🤖 AI Summary
This work addresses long-horizon robotic manipulation tasks involving articulated objects, partial observability, and geometric constraints, focusing on learning composable, highly generalizable high-level behavioral representations from language-annotated demonstrations. We propose a unified framework integrating large language model–based semantic understanding, vision-language grounding, imitation learning, model-driven planning, and neural policy control. Our approach is the first to automatically extract a structured action library—including visually grounded preconditions and effects—directly from multimodal demonstrations, without requiring manually defined symbolic states or prior annotations. The learned representations enable generalization across varying initial states, goals, and environmental perturbations.
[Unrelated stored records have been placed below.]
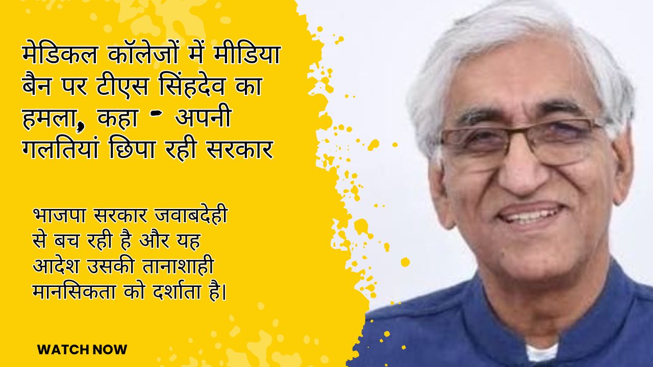 Continue Readingमेडिकल कॉलेजों में मीडिया बैन पर टीएस सिंहदेव का हमला, कहा – अपनी गलतियां छिपा रही सरकार…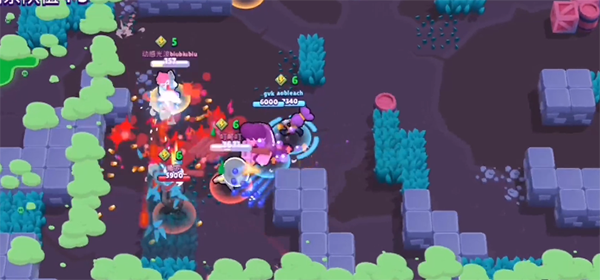 还可以在敌人接近时用普攻积攒能量,能量满时便可趁机杀出一条路。公牛的大招“蛮牛冲撞”距离很远,因此玩家在偷袭时必须准确判断时机和距离,以避免突击后被敌人包围。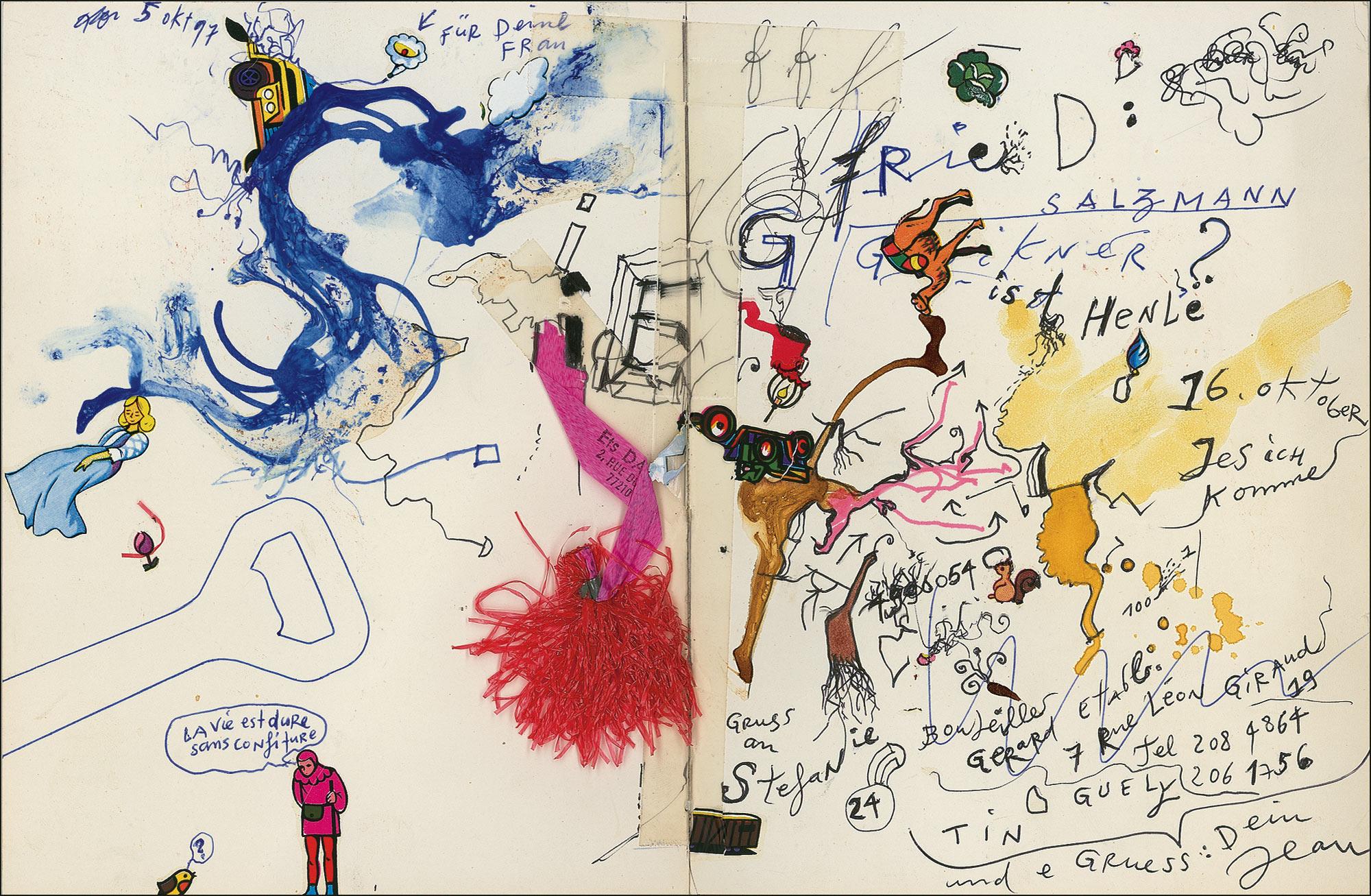 Swiss painter and sculptor (1925-1991). He is best known for his sculptural machines or kinetic art, in the Dada tradition. Vibrant original mixed media graphic art by Tinguely on two off-white 6.25 x 8.25 postcards, joined together by a vertical strip of tape, signed at the bottom, “Jean” and “Tinguely.” Tinguely uses watercolors, ink, a ribbon and tassle, and stickers for his work. The art historian Siegfried Salzmann with the message of his coming. In fine condition, with some light handling wear and aforementioned tape to center. Accompanied by the original mailing envelope.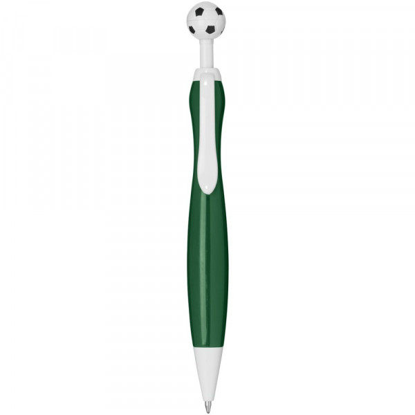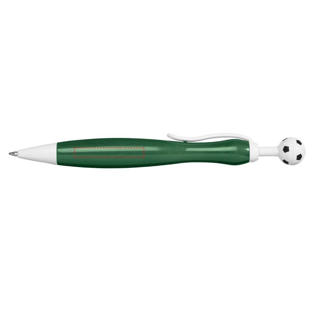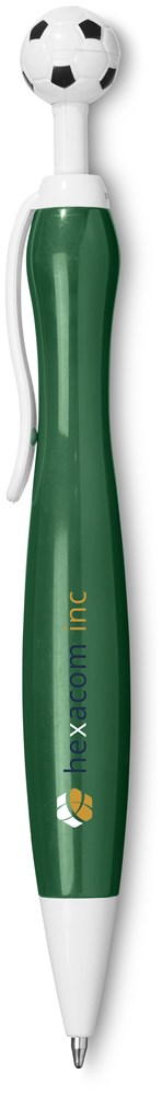 Balpen met het klik mechanisme in een voetbal vorm. Zwartschrijvend.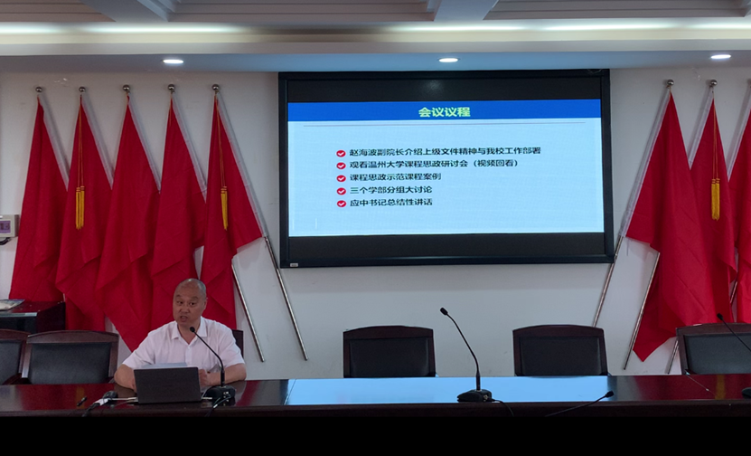 接着,赵海波领学了《永利65335com课程思政建设研讨会》视频主要内容,并以上一轮公司课程思政示范课程申报书为例,对课程思政改革探索、建设基础、融入点、教学方法、改革创新、建设规划进行了详细指导。
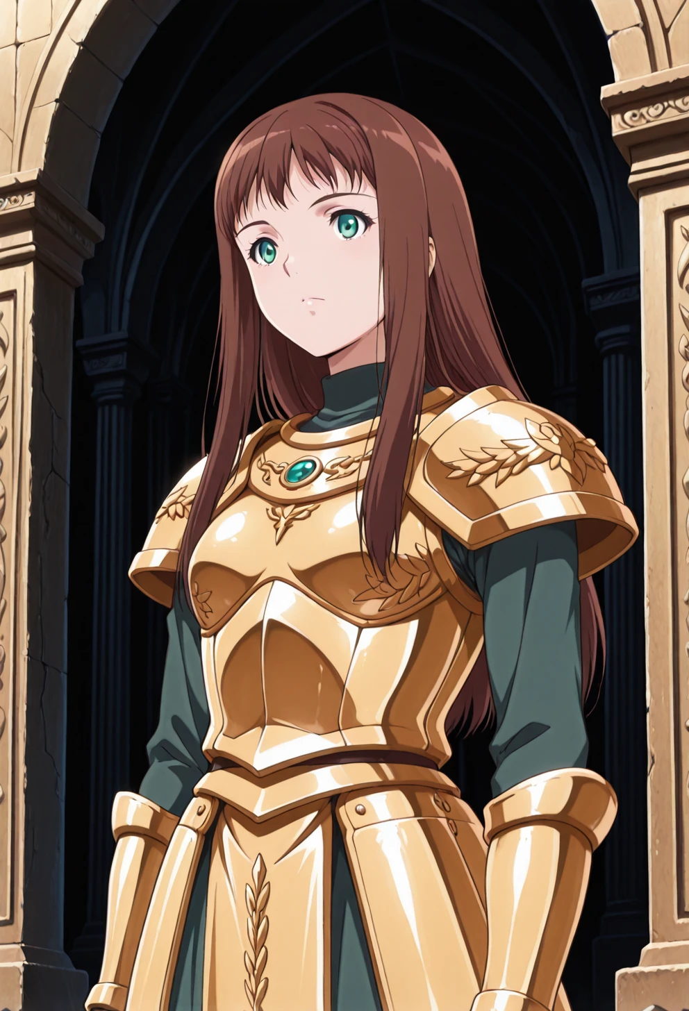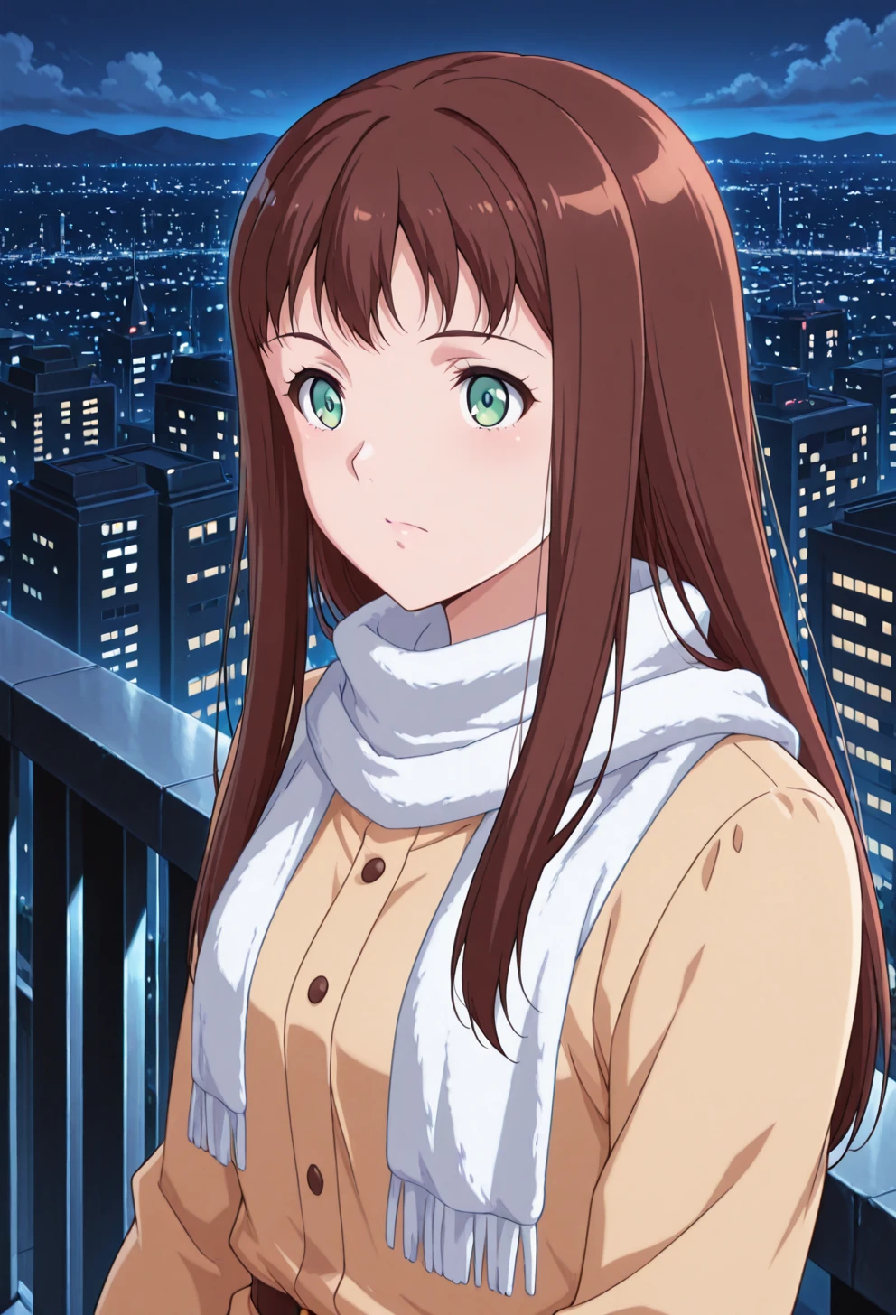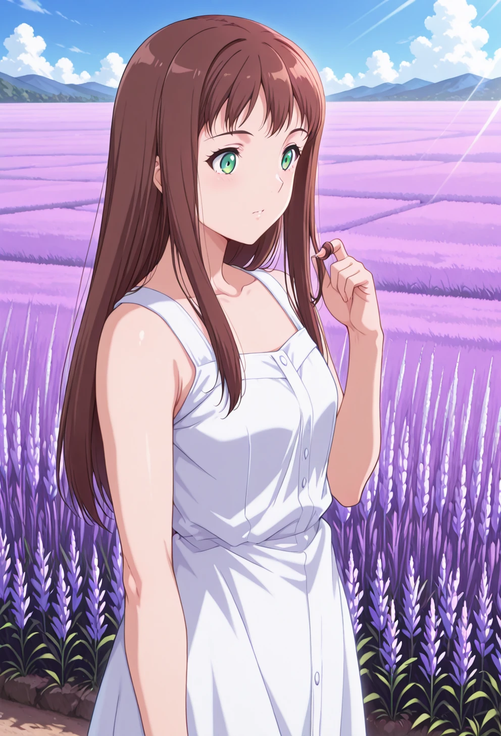 Trigger+CharTags: sysdeep_char19, 1girl, solo, long hair, brown hair, green eyes, straight hair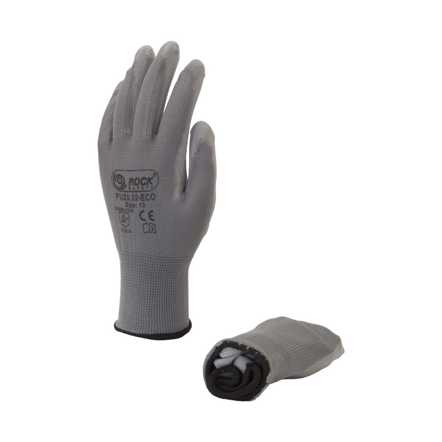 PU20.02-ECO-F - Poliészter szerelőkesztyű PU tenyérmártással, gazdaságos változat ROCK Safety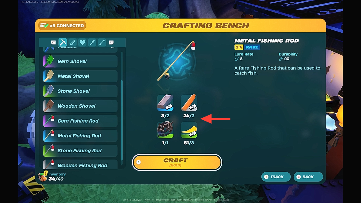 The sole purpose of the Metal Fishing Rod is help in fishing. To use it, reach the location where you want to fish, and select Metal Fishing Rod. Pressing the RT button will cast the rod in the water.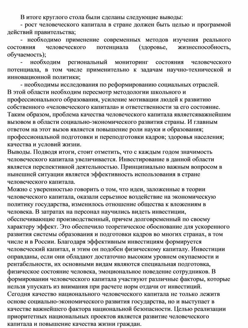 Выводы. Подводя итоги, стоит отметить, что с каждым годом значимость человеческого капитала увеличивается. Инвестирование в данной области является перспективной деятельностью. Принципиально важным вопросом в нынешней ситуации является эффективность использования в стране человеческого капитала.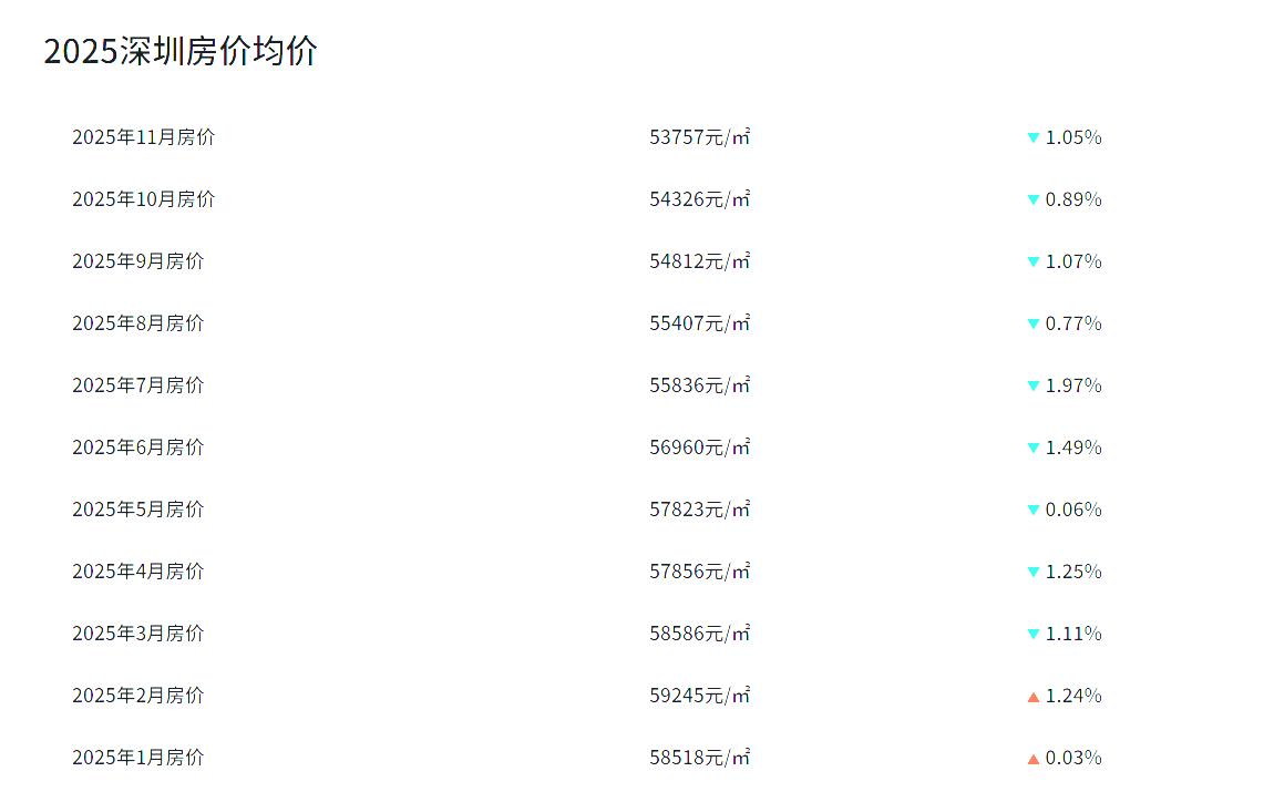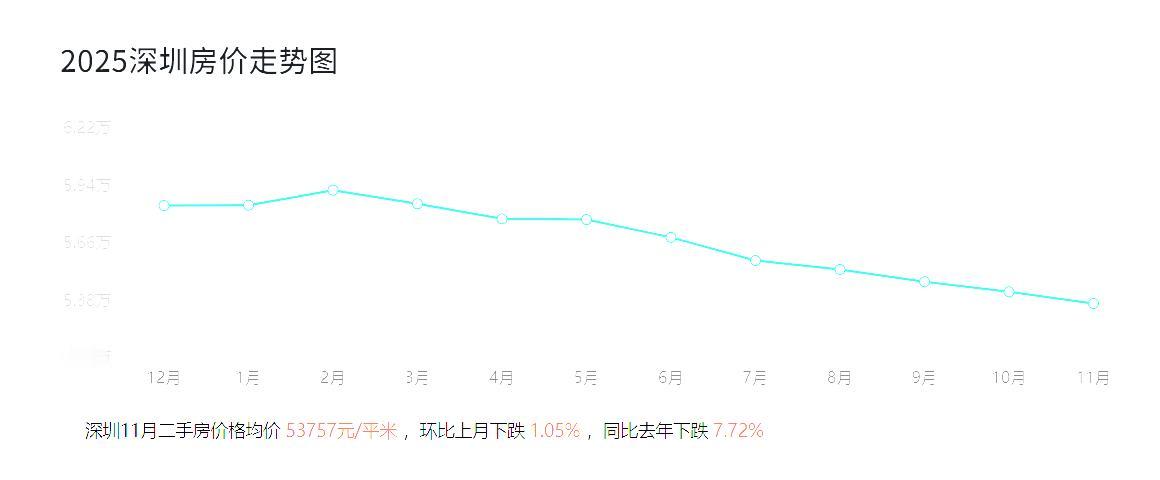 2015年11月,深圳房价均价39451元; 2016年11月,深圳房价均价44982元; 2017年11月,深圳房价均价51277元; 2018年11月,深圳房价均价53716元; 2019年11月,深圳房价均价54709元; 2020年11月,深圳房价均价56600元; 2021年11月,深圳房价均价56913元; 2022年11月,深圳房价均价57456元; 2023年11月,深圳房价均价62237元; 2024年11月,深圳房价均价58256元; 2025年11月,深圳房价均价53757元。 过去十年,深圳房价经历了一轮完整的“暴涨-盘整-回调”周期,形成一条倒U型曲线,2015-2017年是深圳房价的高速增长期,2018年-2022年,房价整体保持平稳,房价在2023年到达顶点后,开始出现小幅回调。2025年房价基本回归208年水平。 深圳房价从启动、繁荣、停滞到衰退,为中国一线城市房地产市场提供了典型案例。深圳作为中国最具创新活力的城市之一,长期来看,房价依然坚挺,但是一定是和经济发展、人口规模等相匹配。

We validate the framework’s effectiveness on diverse, complex object manipulation tasks in both simulation and real-robot settings.
📝 Abstract
We introduce Behavior from Language and Demonstration (BLADE), a framework for long-horizon robotic manipulation by integrating imitation learning and model-based planning. BLADE leverages language-annotated demonstrations, extracts abstract action knowledge from large language models (LLMs), and constructs a library of structured, high-level action representations. These representations include preconditions and effects grounded in visual perception for each high-level action, along with corresponding controllers implemented as neural network-based policies. BLADE can recover such structured representations automatically, without manually labeled states or symbolic definitions. BLADE shows significant capabilities in generalizing to novel situations, including novel initial states, external state perturbations, and novel goals. We validate the effectiveness of our approach both in simulation and on real robots with a diverse set of objects with articulated parts, partial observability, and geometric constraints.